Output each record exactly, excluding pictures.
##############################
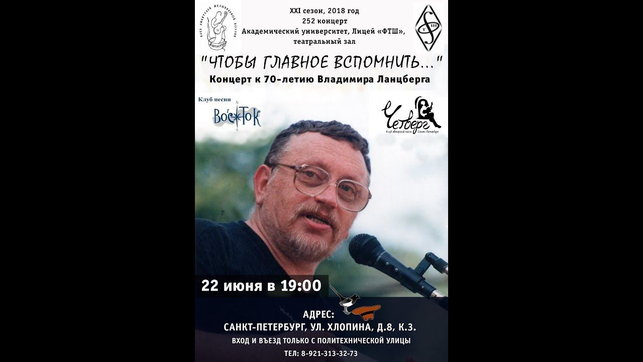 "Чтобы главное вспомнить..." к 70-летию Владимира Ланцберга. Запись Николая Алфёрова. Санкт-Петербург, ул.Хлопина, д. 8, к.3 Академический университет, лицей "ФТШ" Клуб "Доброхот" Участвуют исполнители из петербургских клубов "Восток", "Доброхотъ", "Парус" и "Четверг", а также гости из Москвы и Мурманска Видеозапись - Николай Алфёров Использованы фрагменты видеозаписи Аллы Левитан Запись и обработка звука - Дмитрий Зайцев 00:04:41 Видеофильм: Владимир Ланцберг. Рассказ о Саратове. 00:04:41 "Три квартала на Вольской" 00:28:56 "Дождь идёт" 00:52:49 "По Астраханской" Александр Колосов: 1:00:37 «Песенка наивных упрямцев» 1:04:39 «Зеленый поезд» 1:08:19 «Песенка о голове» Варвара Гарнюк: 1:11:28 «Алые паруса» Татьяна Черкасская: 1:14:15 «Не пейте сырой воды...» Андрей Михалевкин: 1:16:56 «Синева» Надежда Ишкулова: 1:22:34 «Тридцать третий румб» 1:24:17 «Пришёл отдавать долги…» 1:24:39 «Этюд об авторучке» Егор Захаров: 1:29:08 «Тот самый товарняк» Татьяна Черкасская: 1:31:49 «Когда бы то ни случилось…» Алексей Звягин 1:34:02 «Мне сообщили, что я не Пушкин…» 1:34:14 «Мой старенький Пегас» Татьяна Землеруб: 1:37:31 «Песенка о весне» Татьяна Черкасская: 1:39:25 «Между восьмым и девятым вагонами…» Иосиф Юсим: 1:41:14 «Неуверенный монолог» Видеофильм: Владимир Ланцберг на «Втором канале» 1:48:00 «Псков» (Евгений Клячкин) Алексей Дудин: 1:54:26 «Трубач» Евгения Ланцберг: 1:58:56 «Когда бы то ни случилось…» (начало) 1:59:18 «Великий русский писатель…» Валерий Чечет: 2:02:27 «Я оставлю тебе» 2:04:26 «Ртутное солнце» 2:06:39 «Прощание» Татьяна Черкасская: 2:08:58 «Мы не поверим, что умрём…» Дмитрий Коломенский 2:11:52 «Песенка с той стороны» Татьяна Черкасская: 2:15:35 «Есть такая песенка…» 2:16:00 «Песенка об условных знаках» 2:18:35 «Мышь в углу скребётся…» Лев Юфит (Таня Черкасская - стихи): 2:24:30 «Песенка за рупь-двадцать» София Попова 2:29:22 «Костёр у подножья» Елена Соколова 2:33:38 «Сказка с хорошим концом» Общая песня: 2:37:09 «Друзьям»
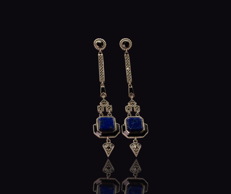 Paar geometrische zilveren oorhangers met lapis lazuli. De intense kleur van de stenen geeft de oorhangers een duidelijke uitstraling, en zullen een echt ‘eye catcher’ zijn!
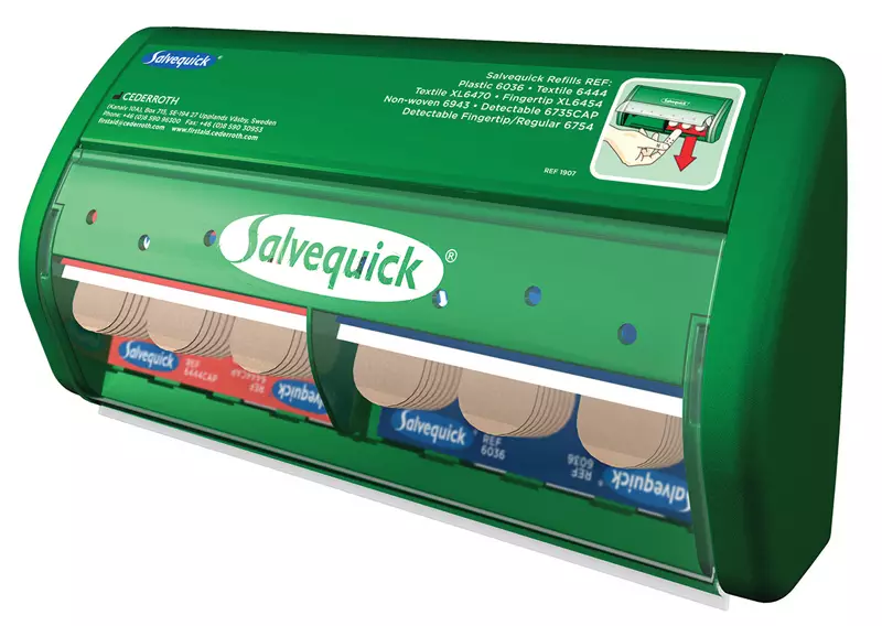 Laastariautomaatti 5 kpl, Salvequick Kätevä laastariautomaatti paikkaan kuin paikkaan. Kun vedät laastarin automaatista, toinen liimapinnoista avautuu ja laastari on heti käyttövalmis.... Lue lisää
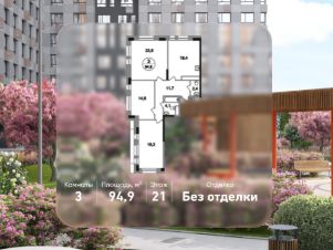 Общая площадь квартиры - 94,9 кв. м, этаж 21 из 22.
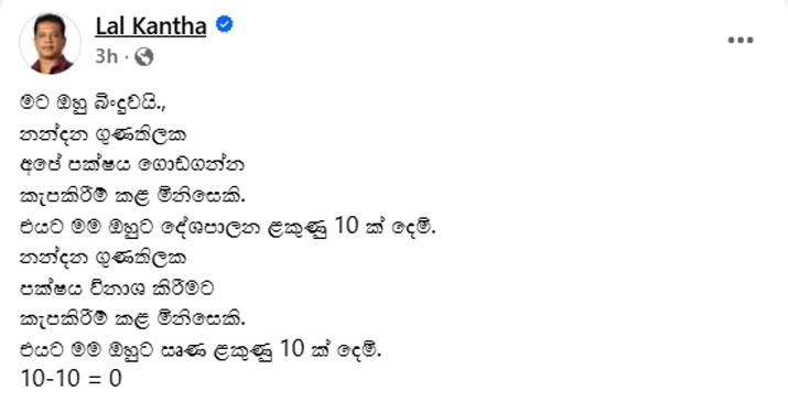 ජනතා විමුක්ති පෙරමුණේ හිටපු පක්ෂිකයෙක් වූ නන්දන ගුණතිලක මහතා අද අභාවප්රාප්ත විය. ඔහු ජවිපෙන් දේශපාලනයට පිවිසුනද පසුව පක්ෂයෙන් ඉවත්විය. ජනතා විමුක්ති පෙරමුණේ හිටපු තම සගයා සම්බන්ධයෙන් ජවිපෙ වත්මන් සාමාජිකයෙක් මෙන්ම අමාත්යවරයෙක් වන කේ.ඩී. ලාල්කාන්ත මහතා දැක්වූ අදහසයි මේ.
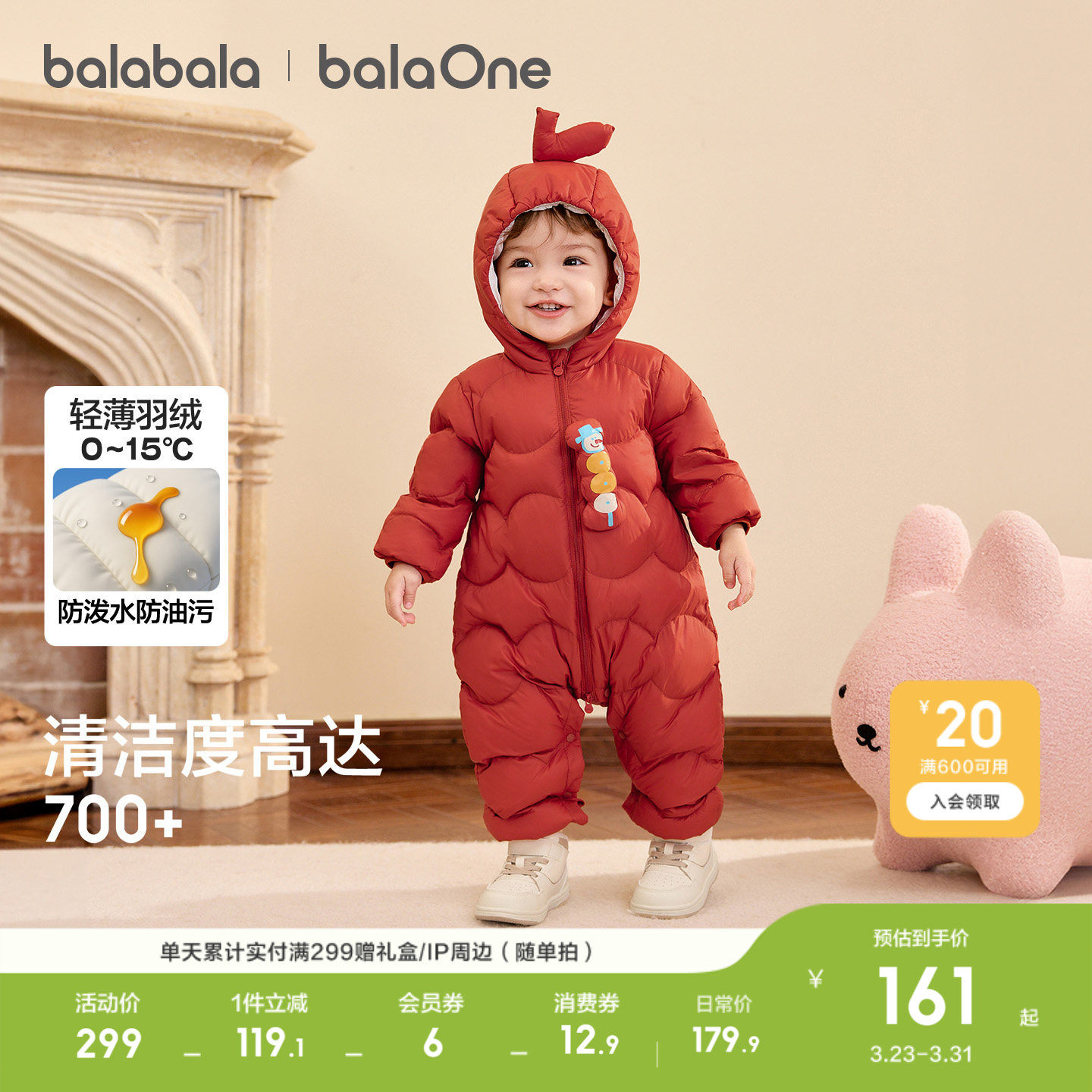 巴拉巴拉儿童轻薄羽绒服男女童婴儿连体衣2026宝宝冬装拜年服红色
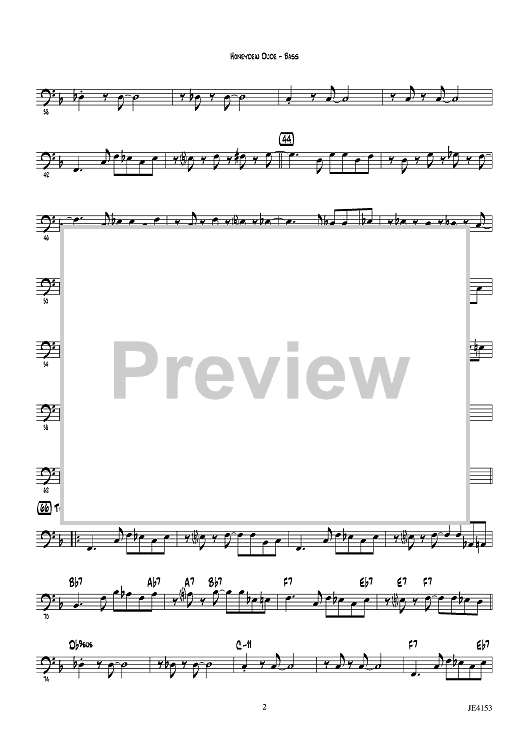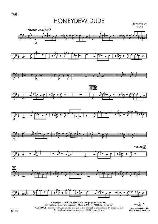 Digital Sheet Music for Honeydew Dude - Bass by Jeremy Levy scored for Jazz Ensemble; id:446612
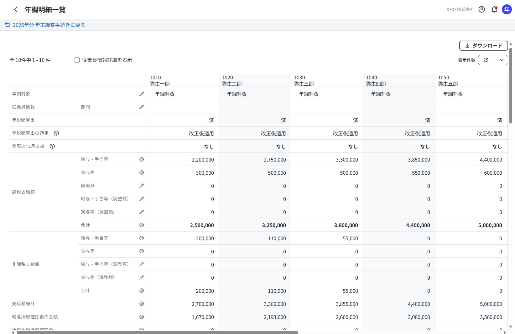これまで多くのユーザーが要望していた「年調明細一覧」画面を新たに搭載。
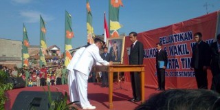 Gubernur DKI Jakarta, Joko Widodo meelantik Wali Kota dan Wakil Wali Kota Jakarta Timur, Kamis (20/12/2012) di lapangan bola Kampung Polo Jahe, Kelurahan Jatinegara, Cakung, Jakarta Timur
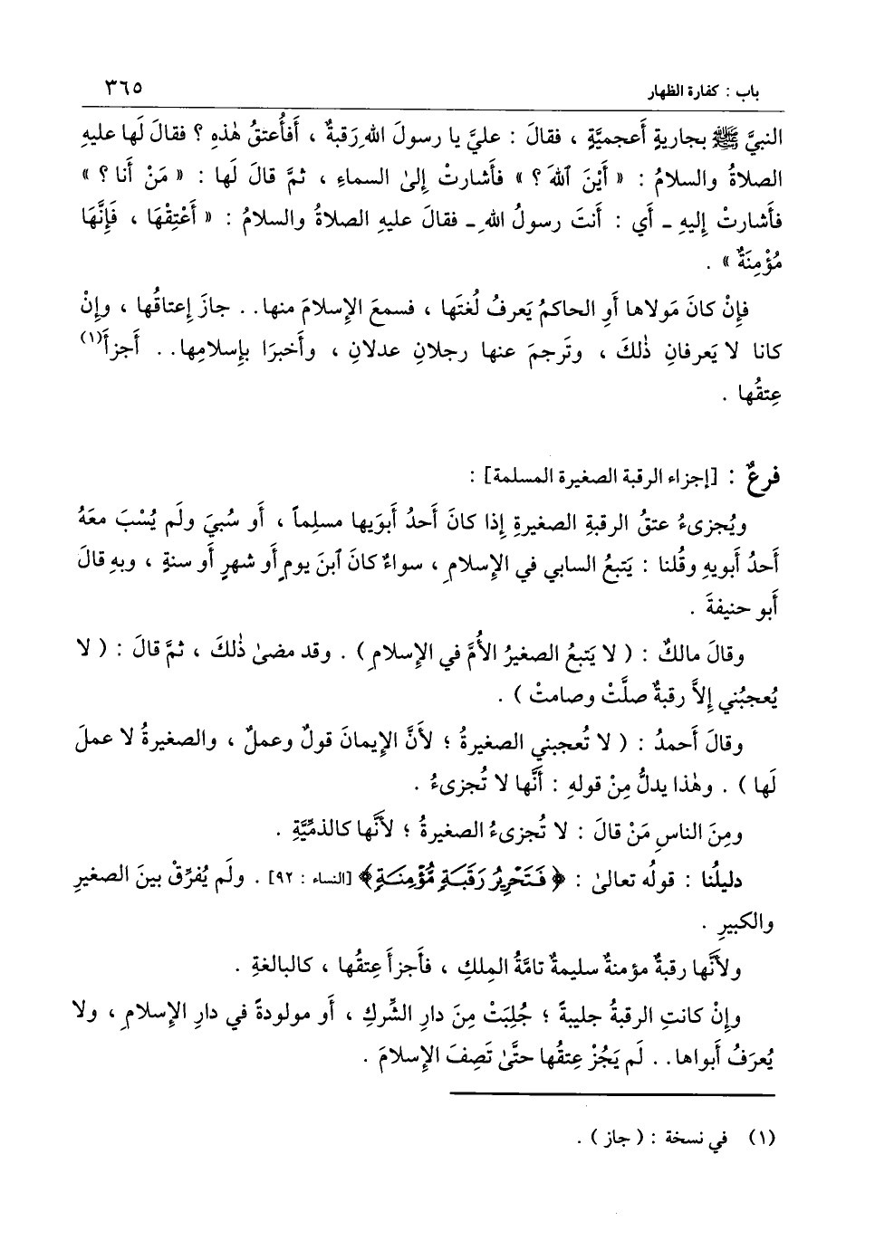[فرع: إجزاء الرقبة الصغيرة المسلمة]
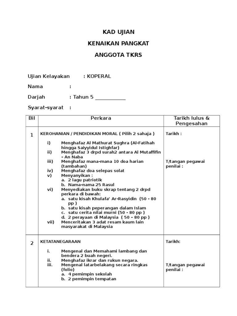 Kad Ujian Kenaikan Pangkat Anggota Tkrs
##############################
§ Written answer:
 "Чтобы главное вспомнить..." к 70-летию Владимира Ланцберга. Запись Николая Алфёрова. Санкт-Петербург, ул.Хлопина, д. 8, к.3 Академический университет, лицей "ФТШ" Клуб "Доброхот" Участвуют исполнители из петербургских клубов "Восток", "Доброхотъ", "Парус" и "Четверг", а также гости из Москвы и Мурманска Видеозапись - Николай Алфёров Использованы фрагменты видеозаписи Аллы Левитан Запись и обработка звука - Дмитрий Зайцев 00:04:41 Видеофильм: Владимир Ланцберг. Рассказ о Саратове. 00:04:41 "Три квартала на Вольской" 00:28:56 "Дождь идёт" 00:52:49 "По Астраханской" Александр Колосов: 1:00:37 «Песенка наивных упрямцев» 1:04:39 «Зеленый поезд» 1:08:19 «Песенка о голове» Варвара Гарнюк: 1:11:28 «Алые паруса» Татьяна Черкасская: 1:14:15 «Не пейте сырой воды...» Андрей Михалевкин: 1:16:56 «Синева» Надежда Ишкулова: 1:22:34 «Тридцать третий румб» 1:24:17 «Пришёл отдавать долги…» 1:24:39 «Этюд об авторучке» Егор Захаров: 1:29:08 «Тот самый товарняк» Татьяна Черкасская: 1:31:49 «Когда бы то ни случилось…» Алексей Звягин 1:34:02 «Мне сообщили, что я не Пушкин…» 1:34:14 «Мой старенький Пегас» Татьяна Землеруб: 1:37:31 «Песенка о весне» Татьяна Черкасская: 1:39:25 «Между восьмым и девятым вагонами…» Иосиф Юсим: 1:41:14 «Неуверенный монолог» Видеофильм: Владимир Ланцберг на «Втором канале» 1:48:00 «Псков» (Евгений Клячкин) Алексей Дудин: 1:54:26 «Трубач» Евгения Ланцберг: 1:58:56 «Когда бы то ни случилось…» (начало) 1:59:18 «Великий русский писатель…» Валерий Чечет: 2:02:27 «Я оставлю тебе» 2:04:26 «Ртутное солнце» 2:06:39 «Прощание» Татьяна Черкасская: 2:08:58 «Мы не поверим, что умрём…» Дмитрий Коломенский 2:11:52 «Песенка с той стороны» Татьяна Черкасская: 2:15:35 «Есть такая песенка…» 2:16:00 «Песенка об условных знаках» 2:18:35 «Мышь в углу скребётся…» Лев Юфит (Таня Черкасская - стихи): 2:24:30 «Песенка за рупь-двадцать» София Попова 2:29:22 «Костёр у подножья» Елена Соколова 2:33:38 «Сказка с хорошим концом» Общая песня: 2:37:09 «Друзьям»
 Paar geometrische zilveren oorhangers met lapis lazuli. De intense kleur van de stenen geeft de oorhangers een duidelijke uitstraling, en zullen een echt ‘eye catcher’ zijn!
 Laastariautomaatti 5 kpl, Salvequick Kätevä laastariautomaatti paikkaan kuin paikkaan. Kun vedät laastarin automaatista, toinen liimapinnoista avautuu ja laastari on heti käyttövalmis.... Lue lisää
 Общая площадь квартиры - 94,9 кв. м, этаж 21 из 22.
 ජනතා විමුක්ති පෙරමුණේ හිටපු පක්ෂිකයෙක් වූ නන්දන ගුණතිලක මහතා අද අභාවප්රාප්ත විය. ඔහු ජවිපෙන් දේශපාලනයට පිවිසුනද පසුව පක්ෂයෙන් ඉවත්විය. ජනතා විමුක්ති පෙරමුණේ හිටපු තම සගයා සම්බන්ධයෙන් ජවිපෙ වත්මන් සාමාජිකයෙක් මෙන්ම අමාත්යවරයෙක් වන කේ.ඩී. ලාල්කාන්ත මහතා දැක්වූ අදහසයි මේ.
 巴拉巴拉儿童轻薄羽绒服男女童婴儿连体衣2026宝宝冬装拜年服红色
 Digital Sheet Music for Honeydew Dude - Bass by Jeremy Levy scored for Jazz Ensemble; id:446612
これまで多くのユーザーが要望していた「年調明細一覧」画面を新たに搭載。
 Gubernur DKI Jakarta, Joko Widodo meelantik Wali Kota dan Wakil Wali Kota Jakarta Timur, Kamis (20/12/2012) di lapangan bola Kampung Polo Jahe, Kelurahan Jatinegara, Cakung, Jakarta Timur
[فرع: إجزاء الرقبة الصغيرة المسلمة]
 Kad Ujian Kenaikan Pangkat Anggota Tkrs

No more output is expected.